You see, I needed to catch the bus into town so I could buy food stuffs, and I only had 10 minutes to catch the bus. Now that is just enough time to get to the stop, and not have to worry about the bus coming a minute or two early. But here was the catch. I had to pee. BADLY. we're talking, this would have been a 2 minute pee at least.

And so I was bitch slapped with a horrifying decision. Satisfy my bladder and risk missing the bus forcing me to catch another bus in an hour, or leave now to catch the bus, thus placating my stomach more quickly but risking loss of bladder control before reaching the store bathroom.  Had this taken place earlier in the day, this decision would have been easy, i would choose too pee. But alas, there was another catch. A catch upon catch. A double catch. You see, the next bus was the 2:48 bus (one bus an hour), which meant my bus home, rather than being at 22 minutes after the hour, would instead be at 3:45! The 3 o’clock hour is when they make a time change for the evening routes. Rather than just having to wait 1 hour longer, I’d have to wait an hour and a half if I chose to open the floodgates and missed my bus.
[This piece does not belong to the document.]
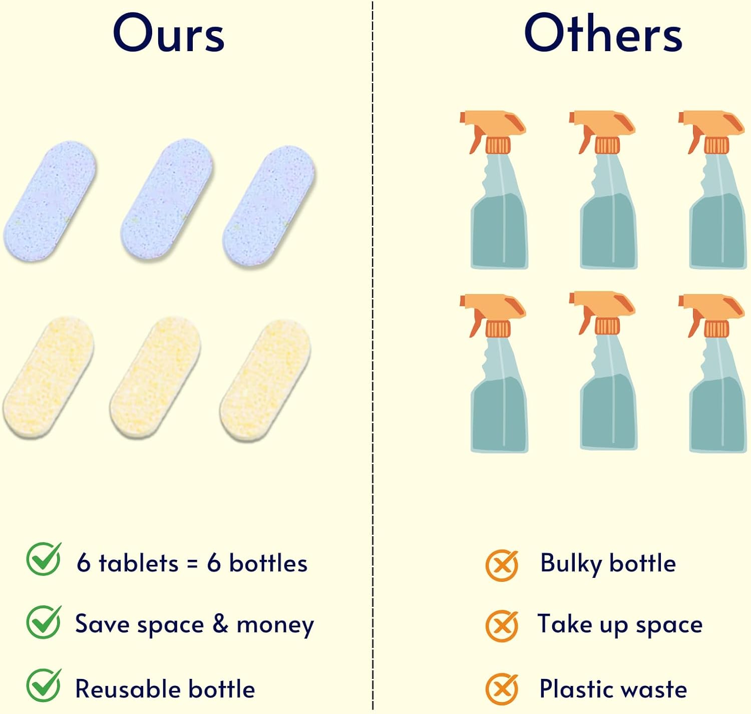 - WHAT YOU GET: 1 pack glass spray bottles and 6 Pack Multi-purpose cleaner tablets, can create 6 bottle of 16.9 oz cleaner and save plastic bottles from going into the landfill,thus you get a great all around sustainable cleaner. We do our best to our world as our companies mission and willingness.
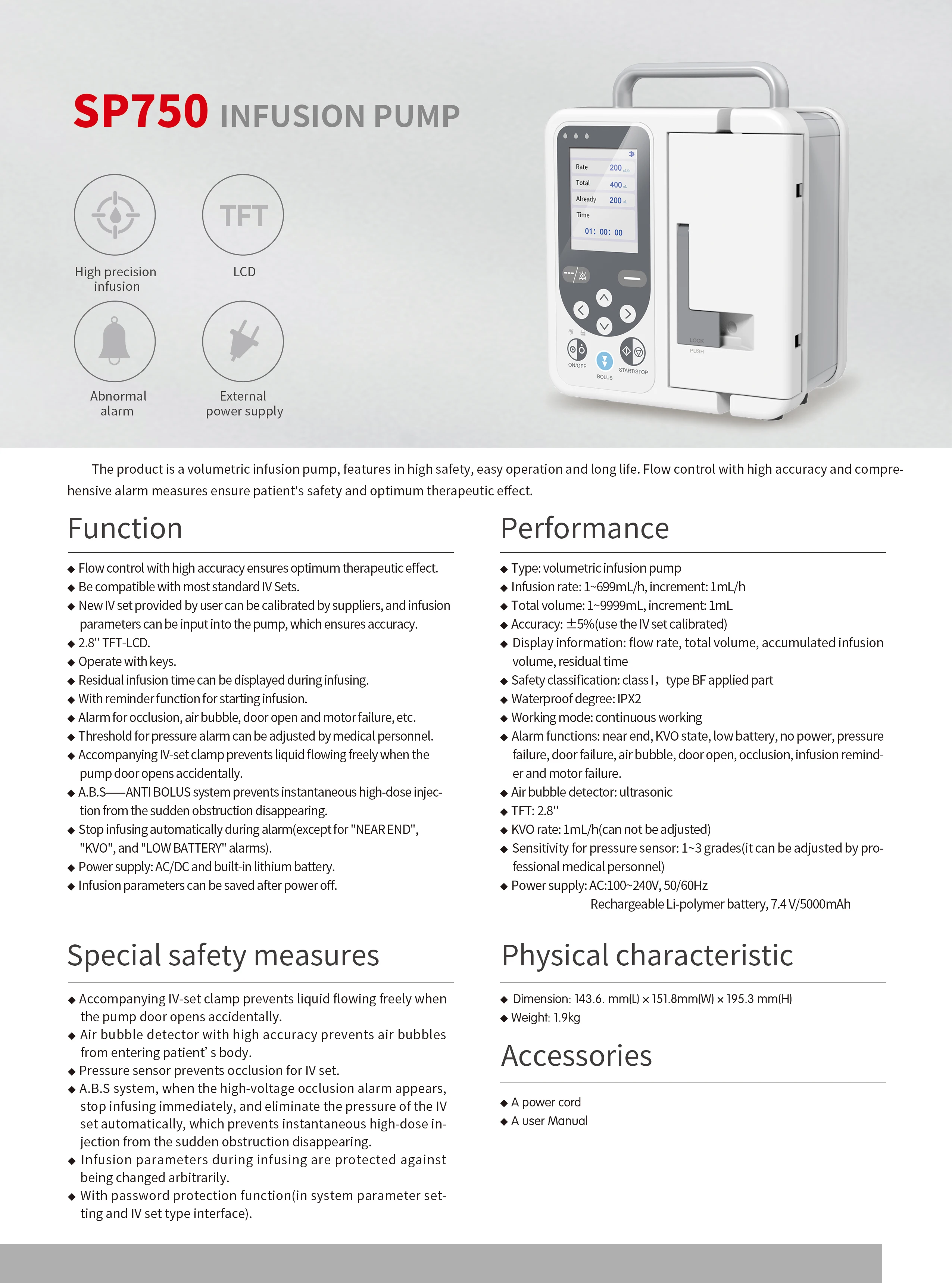 Новинка 2021, инфузионный насос CONTEC SP750 с большим ЖК-дисплеем и будильником в режиме реального времени

Which one to choose? My bladder was like a balloon filled too much, just a little pressure away from bursting. At the same time, my stomach was like a catholic priest who hadn’t raped a little boy in 6 whole hours. It was willing to kill to get what it wanted.

I turned to my cats for guidance, but they had none. They simply looked at me mockingly, knowing the inner turmoil I was suffering through. I glance to the bathroom, then to my front door, and finally to my phone to check the time. I had to choose.

Well I grab my bag, and start heading to the bus stop. It was a good thing I left when I did because literally the moment I got to the bus stop, I saw the bus come over the hill. 2 minutes early. A couple minutes later I got to Albertsons and I walked to the bathroom (if I had ran, I would have peed my pants).

That period where I had to choose was easily the longest 30 seconds of my life.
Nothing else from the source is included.